**YOUR ASSIGNMENT:** In the entries that follow, the lines from the line containing "Il est difficile" up to and including the line containing "本日のメニューは、ごはん、牛乳、お好み焼き、豚汁、とりなっ葉いため、でした。" must be copied exactly, with pictures omitted.

**GIVEN DATA:**
---------------

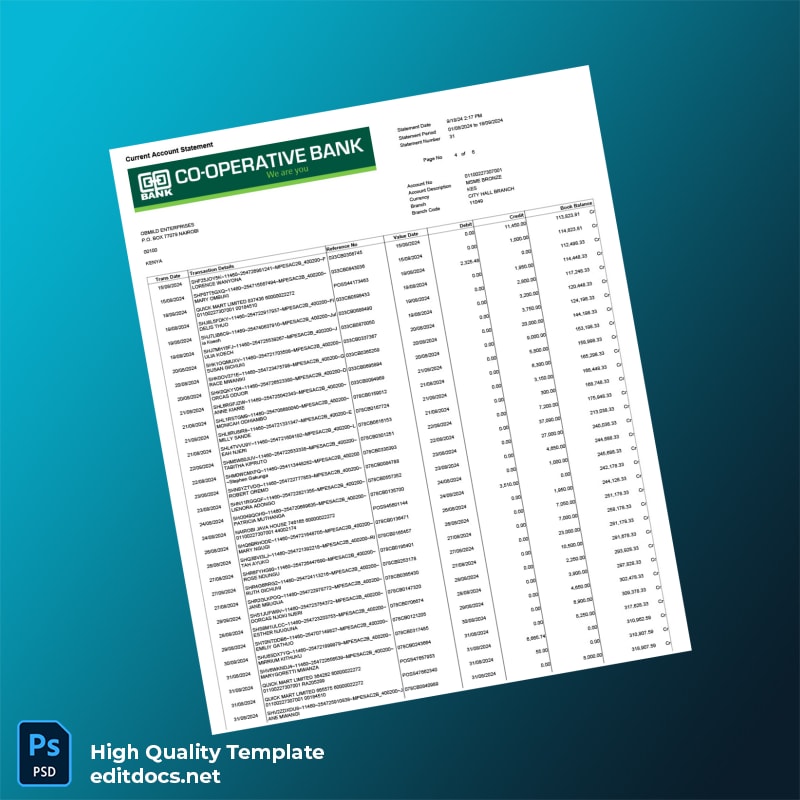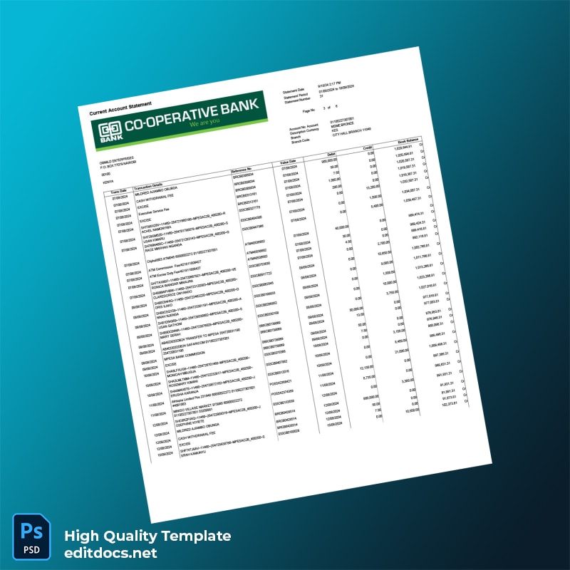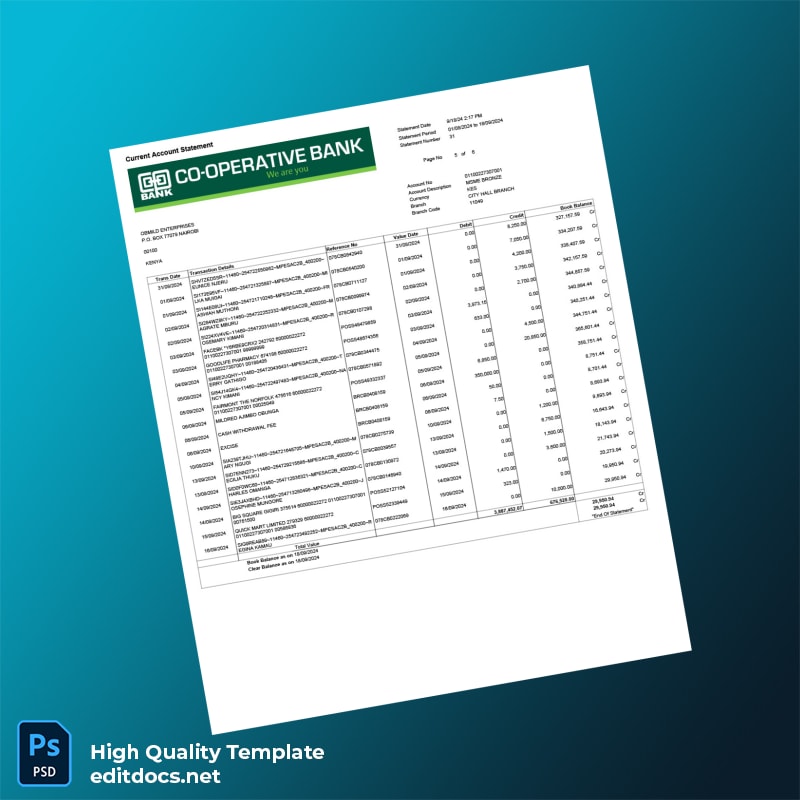 Imagine you’ve misplaced your bank statement right before an important business meeting. You need a replacement fast, and the Kenya Cooperative Bank Account Statement Template can help. By utilizing this bank statement template, you’ll have a professionally formatted document ready in minutes, ensuring you never miss an opportunity again.
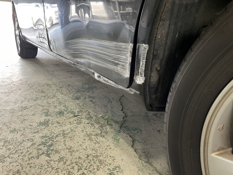 下のロッカパネルも板金しようとしましたが損傷範囲が広いのと、鉄板が折れ曲がっているので新品交換になりました。
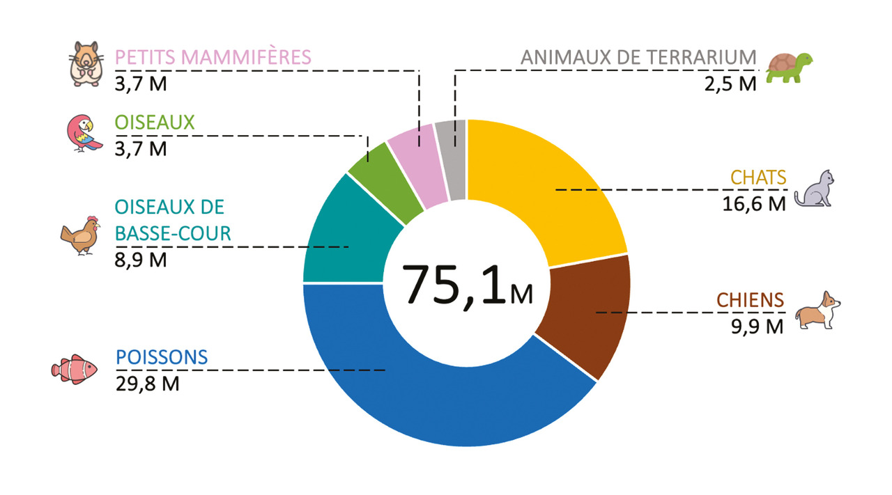 Il est difficile d’estimer le nombre d’ACNT en France car peu d’espèces sont identifiées par des puces électroniques, comme c’est le cas de la majorité des chiens et les chats domestiques. En moins de cinq décennies, le nombre d’animaux de compagnie (dont les chats et les chiens) est passé de 30 millions en 1976 à 75 millions en 2024 (fig. 2). Si l’on excepte les poissons, la poule est même devenue le troisième animal de compagnie.
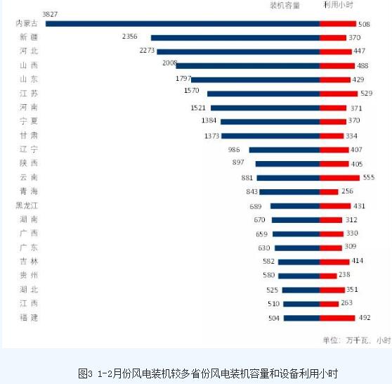 分類(lèi)型看,1-2月份,全國(guó)水電設(shè)備平均利用小時(shí)為401小時(shí),比上年同期提高21小時(shí)。在水電裝機(jī)容量排前10的省份中,貴州、云南、四川、廣西和湖北分別增加71、70、55、31和8小時(shí),湖南、福建、青海、廣東和浙江同比分別降低200、75、26、19和18小時(shí);全國(guó)火電設(shè)備平均利用小時(shí)為732小時(shí)(其中,燃煤發(fā)電和燃?xì)獍l(fā)電設(shè)備平均利用小時(shí)分別為762和379小時(shí)),比上年同期提高96小時(shí)。分省份看,全國(guó)共有18個(gè)省份火電設(shè)備利用小時(shí)超過(guò)全國(guó)平均水平,其中甘肅和青海超過(guò)900小時(shí),新疆、四川、北京、江西、重慶、寧夏、湖北、內(nèi)蒙古、陜西和廣西超過(guò)800小時(shí),而西藏僅為66小時(shí)。與上年同期相比,全國(guó)除海南、黑龍江、遼寧和內(nèi)蒙古外,其他省份火電利用小時(shí)均同比提高,其中重慶、貴州、浙江和云南提高超過(guò)200小時(shí),分別為274、254、234和234小時(shí);核電設(shè)備平均利用小時(shí)1147小時(shí),比上年同期提高176小時(shí);全國(guó)并網(wǎng)風(fēng)電設(shè)備平均利用小時(shí)419小時(shí),比上年同期提高106小時(shí);全國(guó)太陽(yáng)能發(fā)電設(shè)備平均利用小時(shí)192小時(shí),比上年同期提高25小時(shí)。
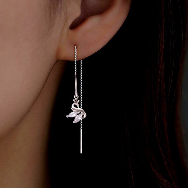 Sterling Silver Luxury Swan Threader Earrings
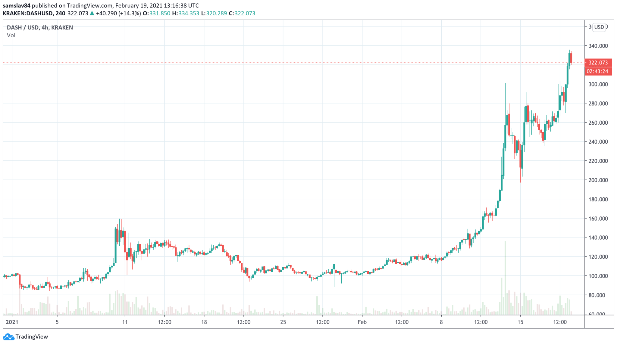 Dash vedie toto privacy coin rallye a aktuálne sa obchoduje za 322 dolárov. Dnešné maximum však bolo 335 $. Dash je stále hlboko pod svojím historickým maximom z decembra 2017, keď dosiahol neskutočných 1625 dolárov. Má teda obrovský rastový potenciál.
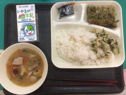 本日のメニューは、ごはん、牛乳、お好み焼き、豚汁、とりなっ葉いため、でした。
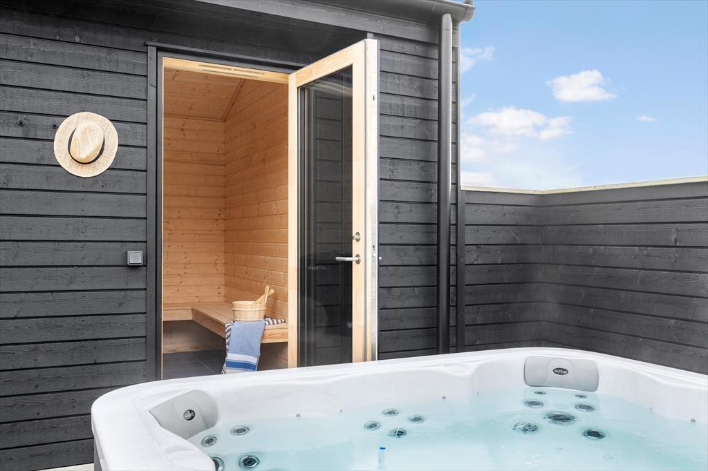 Ein besonderes Highlight ist der Wellnessbereich, der Ihrem Urlaub eine extra Portion Luxus verleiht. Lassen Sie sich im warmen Whirlpool mit Platz für sieben Personen treiben oder genießen Sie die wohltuende Wärme der Sauna nach einem erfrischenden Spaziergang am Strand. Beginnen Sie den Tag mit einer belebenden Außendusche oder entspannen Sie unter dem Sternenhimmel im sprudelnden Wasser – pure Erholung für alle Sinne.
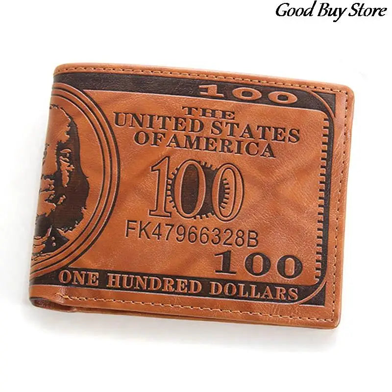 Men's Short Wallet Money Clip Foldable Leather Wallets Brown
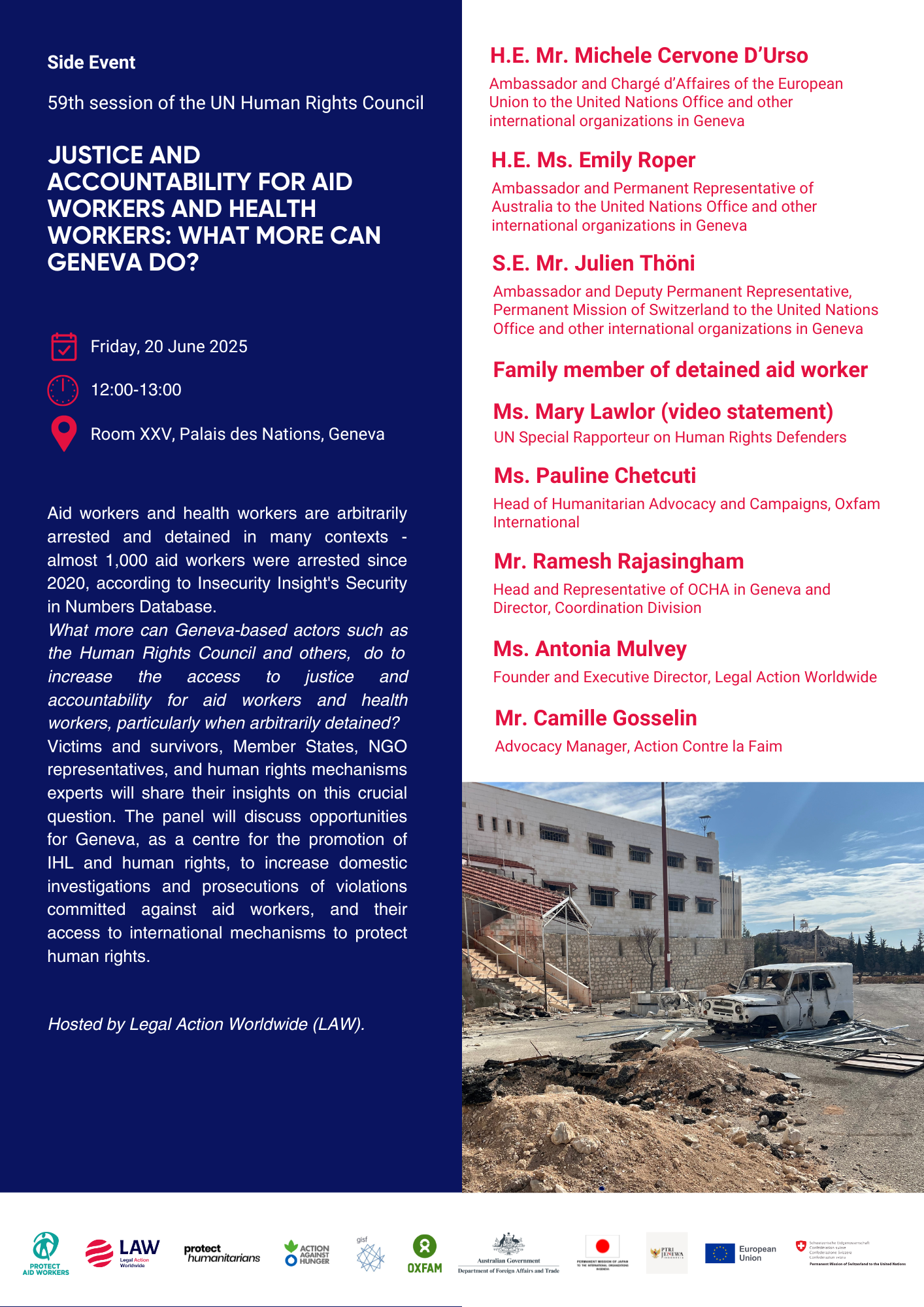 Join us at the UN Human Rights Council for a crucial side event on justice and accountability for aid and health workers:
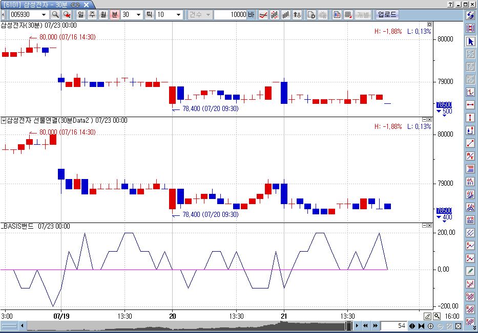 첨부한 사진처럼 베이시스(삼성전자 주식 가격 - 삼성전자 선물 가격)를 이용해서
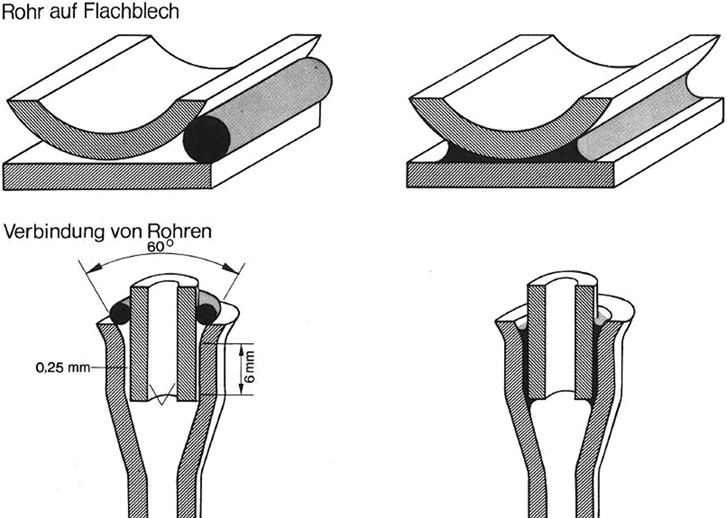 Einstecktiefen zwischen 10 und 20 mm haben sich in Abhängigkeit von dem Rohrdurchmesser sowie der Wanddicke bei den Mischverbindungen bewährt. Die löttechnische Faustformel Überlappungslänge = 3…6 x Bauteildicke“ kann bei Fügeverbindungen Al/Al angewendet werden.

---------------

**TASK OUTPUT:**
 Il est difficile d’estimer le nombre d’ACNT en France car peu d’espèces sont identifiées par des puces électroniques, comme c’est le cas de la majorité des chiens et les chats domestiques. En moins de cinq décennies, le nombre d’animaux de compagnie (dont les chats et les chiens) est passé de 30 millions en 1976 à 75 millions en 2024 (fig. 2). Si l’on excepte les poissons, la poule est même devenue le troisième animal de compagnie.
 分類(lèi)型看,1-2月份,全國(guó)水電設(shè)備平均利用小時(shí)為401小時(shí),比上年同期提高21小時(shí)。在水電裝機(jī)容量排前10的省份中,貴州、云南、四川、廣西和湖北分別增加71、70、55、31和8小時(shí),湖南、福建、青海、廣東和浙江同比分別降低200、75、26、19和18小時(shí);全國(guó)火電設(shè)備平均利用小時(shí)為732小時(shí)(其中,燃煤發(fā)電和燃?xì)獍l(fā)電設(shè)備平均利用小時(shí)分別為762和379小時(shí)),比上年同期提高96小時(shí)。分省份看,全國(guó)共有18個(gè)省份火電設(shè)備利用小時(shí)超過(guò)全國(guó)平均水平,其中甘肅和青海超過(guò)900小時(shí),新疆、四川、北京、江西、重慶、寧夏、湖北、內(nèi)蒙古、陜西和廣西超過(guò)800小時(shí),而西藏僅為66小時(shí)。與上年同期相比,全國(guó)除海南、黑龍江、遼寧和內(nèi)蒙古外,其他省份火電利用小時(shí)均同比提高,其中重慶、貴州、浙江和云南提高超過(guò)200小時(shí),分別為274、254、234和234小時(shí);核電設(shè)備平均利用小時(shí)1147小時(shí),比上年同期提高176小時(shí);全國(guó)并網(wǎng)風(fēng)電設(shè)備平均利用小時(shí)419小時(shí),比上年同期提高106小時(shí);全國(guó)太陽(yáng)能發(fā)電設(shè)備平均利用小時(shí)192小時(shí),比上年同期提高25小時(shí)。
 Sterling Silver Luxury Swan Threader Earrings
 Dash vedie toto privacy coin rallye a aktuálne sa obchoduje za 322 dolárov. Dnešné maximum však bolo 335 $. Dash je stále hlboko pod svojím historickým maximom z decembra 2017, keď dosiahol neskutočných 1625 dolárov. Má teda obrovský rastový potenciál.
 本日のメニューは、ごはん、牛乳、お好み焼き、豚汁、とりなっ葉いため、でした。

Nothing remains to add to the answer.